- **EXERCISE OBJECTIVE**: Given the entries that follow, write out exactly the lines starting at the one containing "white, dark blue" and ending at the one containing "近日,德化县龙门滩镇碧坑村法", both ends included, and only those.

BEGIN INPUT FOR THIS TASK

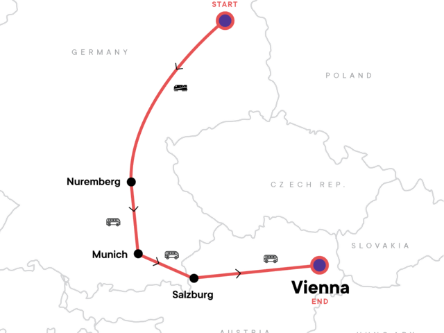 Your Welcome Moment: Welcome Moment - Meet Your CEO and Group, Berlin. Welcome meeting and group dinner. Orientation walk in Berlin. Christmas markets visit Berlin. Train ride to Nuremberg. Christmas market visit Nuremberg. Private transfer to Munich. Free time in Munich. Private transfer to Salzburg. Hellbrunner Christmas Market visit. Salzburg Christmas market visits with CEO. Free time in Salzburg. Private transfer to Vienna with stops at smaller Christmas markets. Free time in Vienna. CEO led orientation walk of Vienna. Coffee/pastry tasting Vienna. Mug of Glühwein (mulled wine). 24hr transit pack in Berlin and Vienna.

END INPUT FOR THIS TASK
BEGIN INPUT FOR THIS TASK

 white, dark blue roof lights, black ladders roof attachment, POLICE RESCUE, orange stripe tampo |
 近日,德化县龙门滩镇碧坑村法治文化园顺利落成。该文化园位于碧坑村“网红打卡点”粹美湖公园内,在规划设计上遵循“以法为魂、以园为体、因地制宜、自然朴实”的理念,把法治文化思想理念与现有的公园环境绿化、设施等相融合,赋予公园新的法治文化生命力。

END INPUT FOR THIS TASK

- **SOLUTION TO THE PROBLEM**:
 white, dark blue roof lights, black ladders roof attachment, POLICE RESCUE, orange stripe tampo |
 近日,德化县龙门滩镇碧坑村法治文化园顺利落成。该文化园位于碧坑村“网红打卡点”粹美湖公园内,在规划设计上遵循“以法为魂、以园为体、因地制宜、自然朴实”的理念,把法治文化思想理念与现有的公园环境绿化、设施等相融合,赋予公园新的法治文化生命力。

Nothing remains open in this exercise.